▶ _Source data_:
Content starts

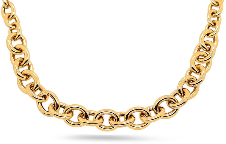 Elegáns Pancer, más néven Curb mintájú lánc. Klasszikus ovális szemek alkotják, amelyek finoman hengereltek. Az alkalmazott zártípus rugós karika. Hosszát a rendelkezésre álló méretek közül választhatja ki.
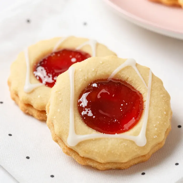 Two golden-brown thumbprint cookies feature glossy crimson cherry jam centers and delicate white icing drizzles, dusted with fine sugar. Soft high-key lighting from the upper left highlights the textures, while shallow depth of field and a clean polka-dotted background provide visual focus and copy space.
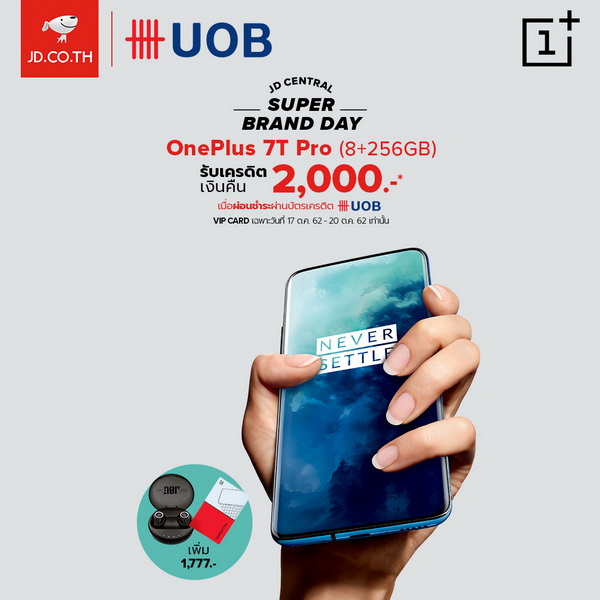 พิเศษ! สำหรับลูกค้าที่ซื้อภายในวันที่ 17– 20 ต.ค. 2562 ผ่านช่องทางการจัดจำหน่ายอย่างเป็นทางการของ OnePlus ประเทศไทยอย่าง AIS, JD Central, Lazada และบนเว็บไซต์
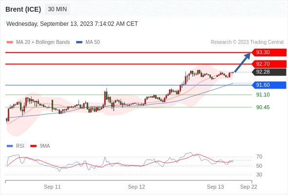 布伦特原油 (ICE)? (X3)? 当日内: 在91.60之上,看涨。
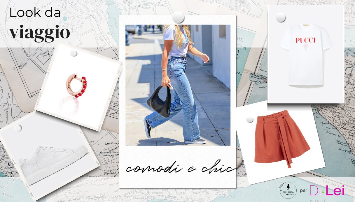 Jeans e t-shirt sono forse il mix più comodo e facile che esista, a patto che i vostri jeans abbiano per voi la stessa comodità dei pantaloni di un pigiama, quindi devono essere morbidi e confortevoli. Soprattutto se andate per aeroporti, le scarpe chiuse e le spalle coperte sono l’ideale per essere al riparo dall’aria condizionata fastidiosa (anzi, consiglio un foulard da tenere in borsa e usare in caso di necessità). Per completare il tutto, una bella borsa capiente se potete portare il bagaglio a mano, o in alternativa una pochettina con l’indispensabile se dovete caricare tutto in stiva.
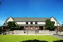On the outside is a garden,[5] and a lawn area to the east with a small stage that is used for fair weather events such as summer concerts.[8] Also outside the building is a new wheelchair ramp that was added to the east side where a new entrance was added.[5] There are two terraces on the exterior of the building and the inside also has a kitchen area.[14]
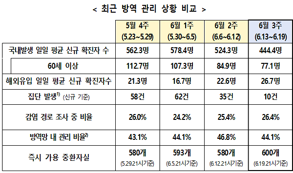 ÇÑ ÁÖ°£ 1ÀÏ Æò±Õ ±¹³» ¹ß»ý È®ÁøÀÚ´Â 3¿ù ¸¶Áö¸·ÁÖ(3¿ù 28ÀÏ ~ 4¿ù 3ÀÏ) 477.3¸í¿¡¼ 4¿ù µÑ°ÁÖ(4¿ù 4~10ÀÏ) 579.3¸íÀ¸·Î 102¸íÀÌ Áõ°¡ÇÑ ÈÄ 6¿ù ÃʱîÁö 12ÁÖ°£ 500~600¸í »çÀÌ¿¡¼ ³·¾ÆÁöÁö ¾Ê´ø »óȲÀ̾úÀ¸³ª, 6¿ù µÑ°ÁÖ(6¿ù 6~12ÀÏ)ºÎÅÍ 500¸í ÃʹÝÀ¸·Î ³·¾ÆÁø ÈÄ, Áö³ÁÖ¿¡´Â 400¸í´ë·Î ÁÙ¾îµç °ÍÀÌ´Ù.
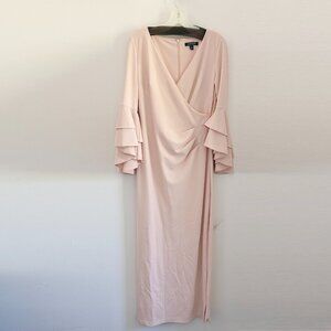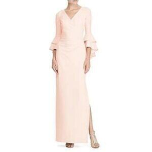 Ralph Lauren Full Length Formal Gown Blush Ruffled Sleeves, Size 6
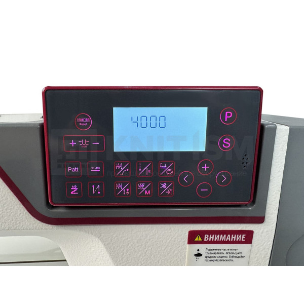 Электронный колено-подъемник для подъема прижимной лапки обеспечивает легкость и комфортность в процессе работы швеи.
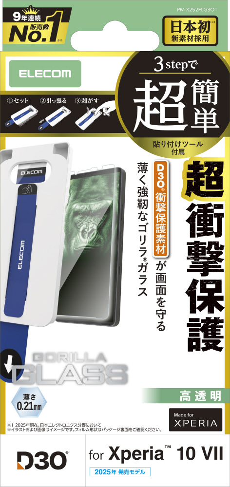 Xperia 10 VII (SO-52F)/ガラスフィルム/D3O/ゴリラ/超簡単貼り付けツール
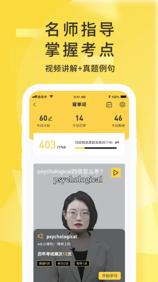 精选四级词汇,高频词汇,名师精编分组,精讲单词考点,帮你十天背完英语四级单词。趣味英语词汇,轻松百词斩,在开心词场里默默背单词,记单词,要的不仅仅是勤奋和努力,女神老师给你讲默默背单词技巧,从不背单词让你到扇贝单词。
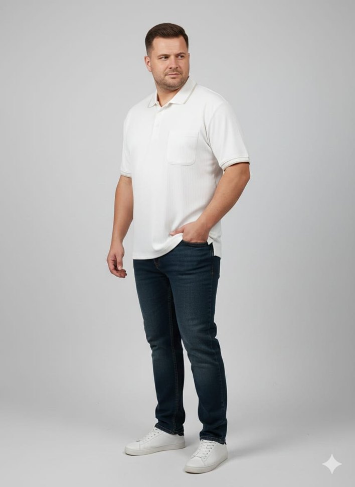 Erkekler için beyaz polo tişört, kısa kollu ve yuvarlak yaka. Denim kumaştan üretilmiş, regular fit ve göğüs cebine sahip, gündelik stil için uygun.
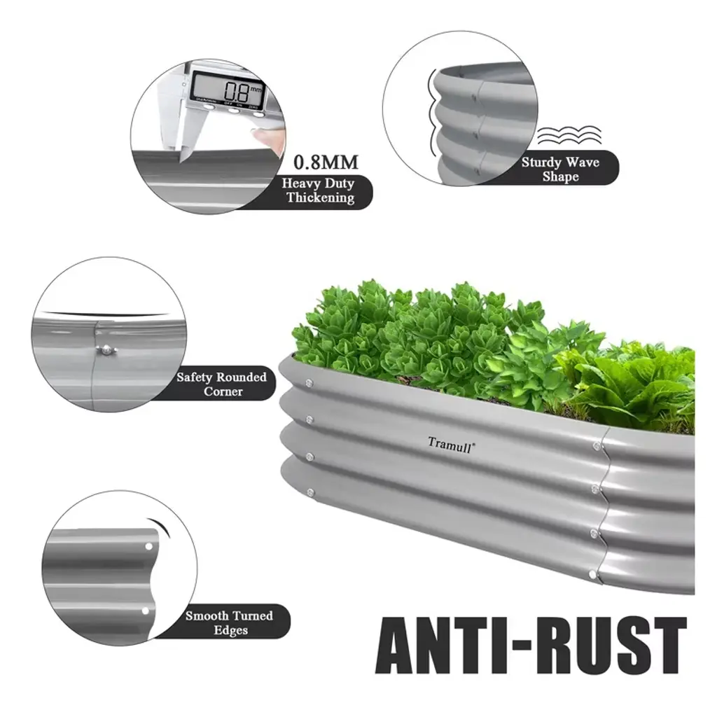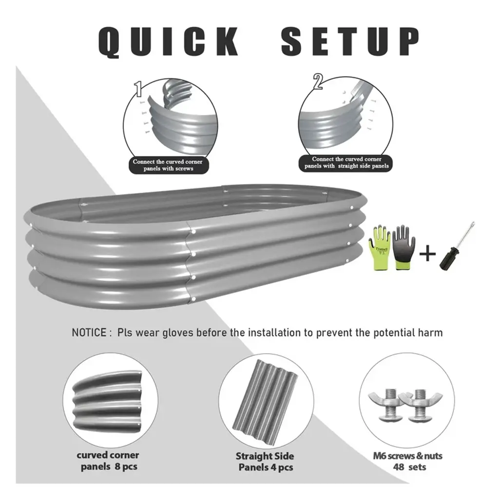 Anybear 12" Tall 4X2ft Oval Metal Raised Garden Bed
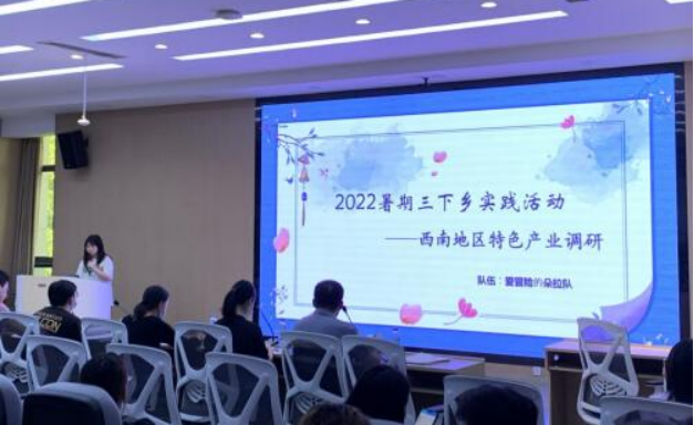 参与答辩的团队按顺序进行了5分钟的PPT展示,每组答辩负责人主要从社会实践的主要背景、内容、调研成果及同学们的收获等内容展开报告。
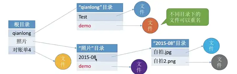 • 根目录:任何一个文件系统都必须从根目录出发来建立下一级的目录或者存储新的文件。
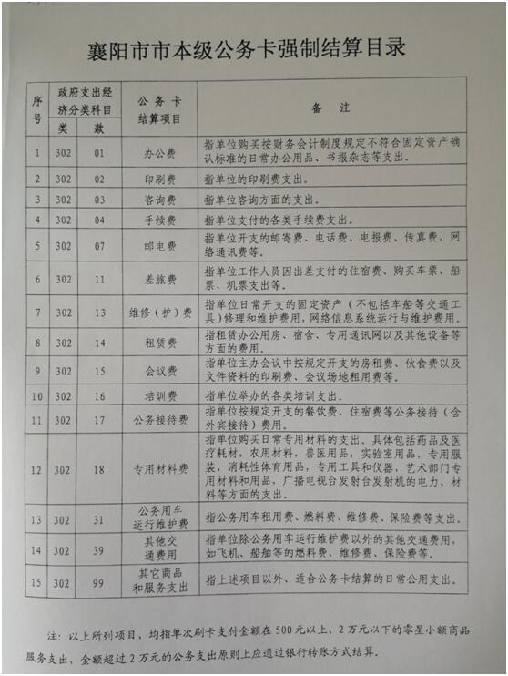 附:襄阳市市本级公务卡强制结算目录图片
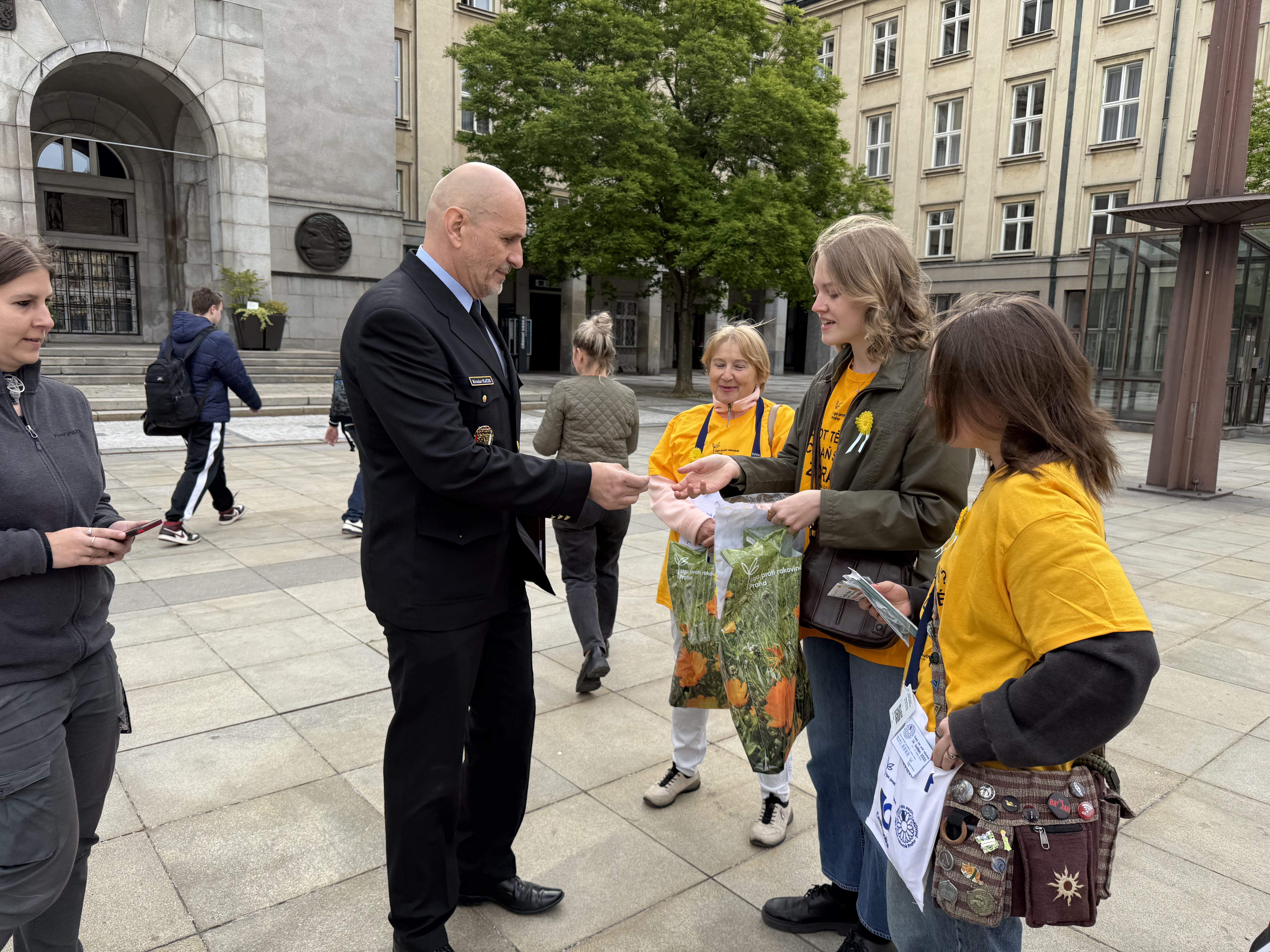Dobrovolnice v akci. Zde prodávají kvítek řediteli ostravských strážníků Miroslavu Plačkovi

Content ends

▶ _What to work on_:
Please output the records exactly, leaving the pictures out.

▶ _Response_:
 Elegáns Pancer, más néven Curb mintájú lánc. Klasszikus ovális szemek alkotják, amelyek finoman hengereltek. Az alkalmazott zártípus rugós karika. Hosszát a rendelkezésre álló méretek közül választhatja ki.
 Two golden-brown thumbprint cookies feature glossy crimson cherry jam centers and delicate white icing drizzles, dusted with fine sugar. Soft high-key lighting from the upper left highlights the textures, while shallow depth of field and a clean polka-dotted background provide visual focus and copy space.
 พิเศษ! สำหรับลูกค้าที่ซื้อภายในวันที่ 17– 20 ต.ค. 2562 ผ่านช่องทางการจัดจำหน่ายอย่างเป็นทางการของ OnePlus ประเทศไทยอย่าง AIS, JD Central, Lazada และบนเว็บไซต์
 布伦特原油 (ICE)? (X3)? 当日内: 在91.60之上,看涨。
 Jeans e t-shirt sono forse il mix più comodo e facile che esista, a patto che i vostri jeans abbiano per voi la stessa comodità dei pantaloni di un pigiama, quindi devono essere morbidi e confortevoli. Soprattutto se andate per aeroporti, le scarpe chiuse e le spalle coperte sono l’ideale per essere al riparo dall’aria condizionata fastidiosa (anzi, consiglio un foulard da tenere in borsa e usare in caso di necessità). Per completare il tutto, una bella borsa capiente se potete portare il bagaglio a mano, o in alternativa una pochettina con l’indispensabile se dovete caricare tutto in stiva.
On the outside is a garden,[5] and a lawn area to the east with a small stage that is used for fair weather events such as summer concerts.[8] Also outside the building is a new wheelchair ramp that was added to the east side where a new entrance was added.[5] There are two terraces on the exterior of the building and the inside also has a kitchen area.[14]
 ÇÑ ÁÖ°£ 1ÀÏ Æò±Õ ±¹³» ¹ß»ý È®ÁøÀÚ´Â 3¿ù ¸¶Áö¸·ÁÖ(3¿ù 28ÀÏ ~ 4¿ù 3ÀÏ) 477.3¸í¿¡¼ 4¿ù µÑ°ÁÖ(4¿ù 4~10ÀÏ) 579.3¸íÀ¸·Î 102¸íÀÌ Áõ°¡ÇÑ ÈÄ 6¿ù ÃʱîÁö 12ÁÖ°£ 500~600¸í »çÀÌ¿¡¼ ³·¾ÆÁöÁö ¾Ê´ø »óȲÀ̾úÀ¸³ª, 6¿ù µÑ°ÁÖ(6¿ù 6~12ÀÏ)ºÎÅÍ 500¸í ÃʹÝÀ¸·Î ³·¾ÆÁø ÈÄ, Áö³ÁÖ¿¡´Â 400¸í´ë·Î ÁÙ¾îµç °ÍÀÌ´Ù.
 Ralph Lauren Full Length Formal Gown Blush Ruffled Sleeves, Size 6
 Электронный колено-подъемник для подъема прижимной лапки обеспечивает легкость и комфортность в процессе работы швеи.
 Xperia 10 VII (SO-52F)/ガラスフィルム/D3O/ゴリラ/超簡単貼り付けツール
 精选四级词汇,高频词汇,名师精编分组,精讲单词考点,帮你十天背完英语四级单词。趣味英语词汇,轻松百词斩,在开心词场里默默背单词,记单词,要的不仅仅是勤奋和努力,女神老师给你讲默默背单词技巧,从不背单词让你到扇贝单词。
 Erkekler için beyaz polo tişört, kısa kollu ve yuvarlak yaka. Denim kumaştan üretilmiş, regular fit ve göğüs cebine sahip, gündelik stil için uygun.
 Anybear 12" Tall 4X2ft Oval Metal Raised Garden Bed
 参与答辩的团队按顺序进行了5分钟的PPT展示,每组答辩负责人主要从社会实践的主要背景、内容、调研成果及同学们的收获等内容展开报告。
 • 根目录:任何一个文件系统都必须从根目录出发来建立下一级的目录或者存储新的文件。
 附:襄阳市市本级公务卡强制结算目录图片
Dobrovolnice v akci. Zde prodávají kvítek řediteli ostravských strážníků Miroslavu Plačkovi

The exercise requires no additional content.